In “The Sixth Extinction,” Elizabeth Kolbert delves into the current era, which she dubs the “Sixth Extinction,” an event characterized by a dramatic loss of biodiversity, with species disappearing at an alarming rate. Kolbert examines the underlying causes of this extinction, primarily focusing on the impact of human activities, such as habitat destruction, pollution, climate change, and the introduction of invasive species.
The book takes readers on a journey across the globe, offering vivid examples of how these human-induced factors are pushing numerous species towards the brink of extinction. Kolbert travels to different locations to illustrate her points, including the Great Barrier Reef, the Amazon rainforest, and the mountains of Peru, to showcase the fragile state of ecosystems and the challenges they face.
Kolbert also provides a historical perspective on past mass extinctions, including the Permian-Triassic event and the end-Cretaceous extinction that wiped out the dinosaurs. These historical comparisons underscore the severity of the current extinction event and its implications for the planet.
The book also features profiles of scientists and researchers working to understand and mitigate the consequences of the Sixth Extinction. Their dedicated efforts provide a glimmer of hope, and Kolbert highlights the urgency of taking action to prevent further species loss.

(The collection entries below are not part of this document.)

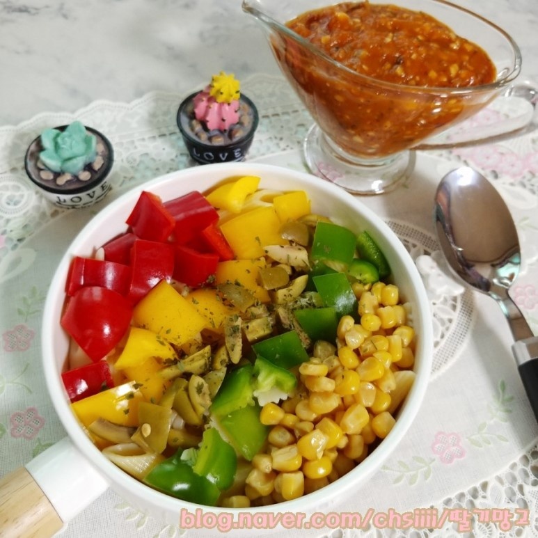 器に茹でたパスタを盛り付け、その上に彩り豊かなパプリカ、コーン、オリーブなどをコブサラダのようにきれいに並べると、見た目も美しい冷製パスタの完成です!または、全ての材料をボウルに入れ、冷ましたトマトソースを加えて全体をよく混ぜ合わせれば、手軽に食べられる冷製パスタの完成です。冷やして食べるとさらに美味しいですよ!
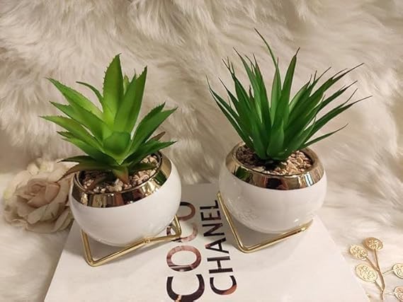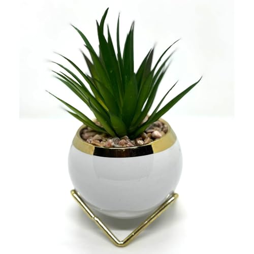Generic - نبات عصاري صناعي عصري في وعاء سيراميك مع حامل بحواف ذهبية، نبات صناعي صغير مزخرف (ابيض)
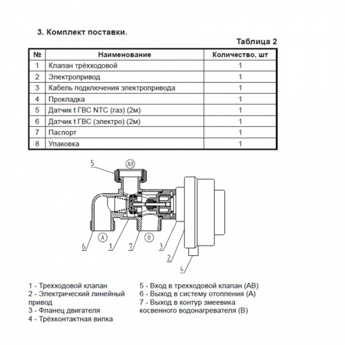 | Состав комплекта | Клапан 3-х ходовой, датчик NTC BAXI (2 м), датчик LM335 (2 м) |
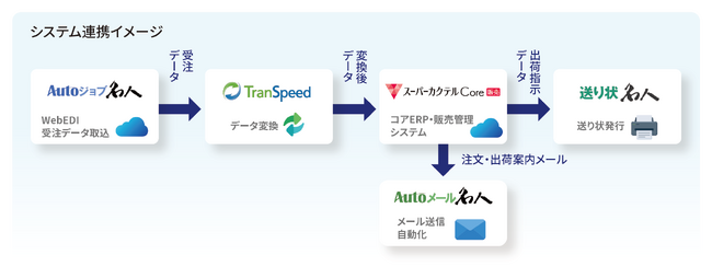 坂謙では、「Autoジョブ名人」「Autoメール名人」「送り状名人」「TranSpeed」を活用し、受注から出荷に至る一連の業務フローを改善しました。まず、ワークショップやホームセンターの各種WebEDIから受ける注文データ処理を、「Autoジョブ名人」と「TranSpeed」で自動化。基幹システム「スーパーカクテルCore」と連携し、仕分けリストやピッキング予定データ、入荷予定データの作成を効率化したことで、出荷までのリードタイム削減につながっています。

“The Sixth Extinction” is a meticulously researched and exceptionally well-written book that delivers a powerful message about the dire state of the planet’s biodiversity. Elizabeth Kolbert’s narrative skillfully weaves together scientific research, personal experiences, and historical context to make the complex topic of mass extinctions accessible and engaging to a wide audience.

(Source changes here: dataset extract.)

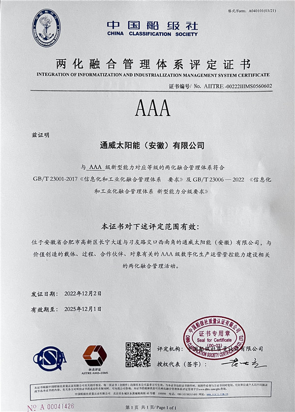 近日,通威太陽能(安徽)有限公司順利通過國家工信部信息化與工業化融合(簡稱“兩化融合”)管理體系貫標評定,并于12月20日取得兩化融合管理體系評定AAA證書。

One of the strengths of the book is its ability to present scientific concepts in an approachable manner without oversimplification. It conveys the gravity of the situation without resorting to alarmism, allowing readers to grasp the seriousness of the extinction crisis. Kolbert’s writing is both informative and evocative, immersing readers in the landscapes she visits and the lives of the scientists she profiles.

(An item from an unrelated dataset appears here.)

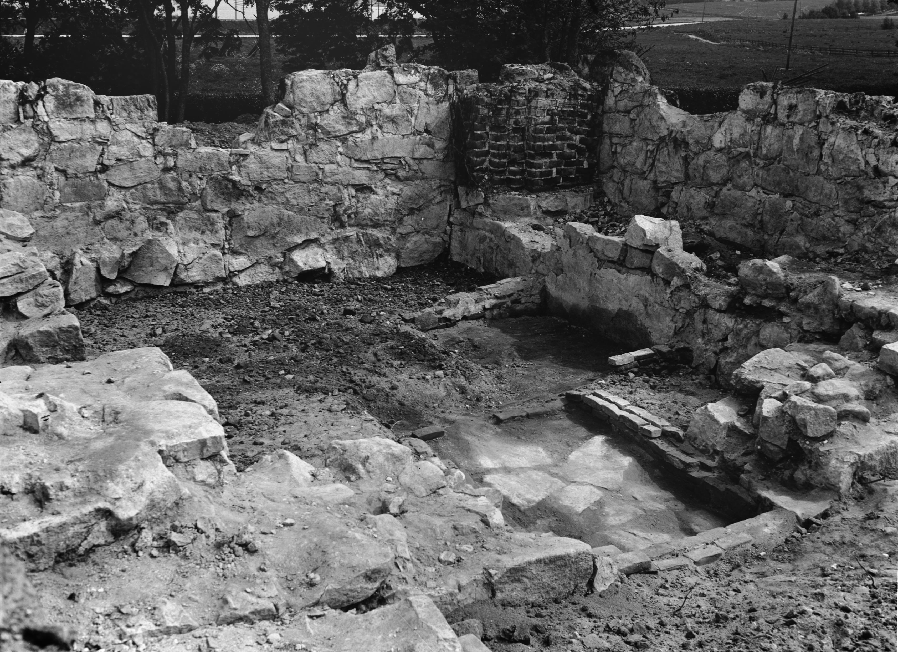 Beskrivning: Kyrkoruinen, äldre triumfbågsmuren och södra korväggen.

The book’s biggest accomplishment is its ability to generate empathy for the many species facing extinction. Kolbert’s storytelling is infused with a sense of urgency, compelling readers to consider the consequences of their actions on the environment. It challenges us to confront the impact of our choices on the world’s ecosystems and inspires a call to action.
However, some readers may find the book’s content disheartening due to the grim reality it portrays. Yet, it is precisely this grimness that underscores the importance of Kolbert’s message: that we have the power to change the course of the Sixth Extinction by taking immediate and meaningful action to protect our planet.
In conclusion, “The Sixth Extinction: An Unnatural History” is a thought-provoking and essential read for anyone interested in environmental science, biology, or the future of our planet. Elizabeth Kolbert’s well-researched and expertly presented book is a wake-up call and a call to arms, urging us to recognize the consequences of our actions and strive for a more sustainable and harmonious coexistence with the natural world.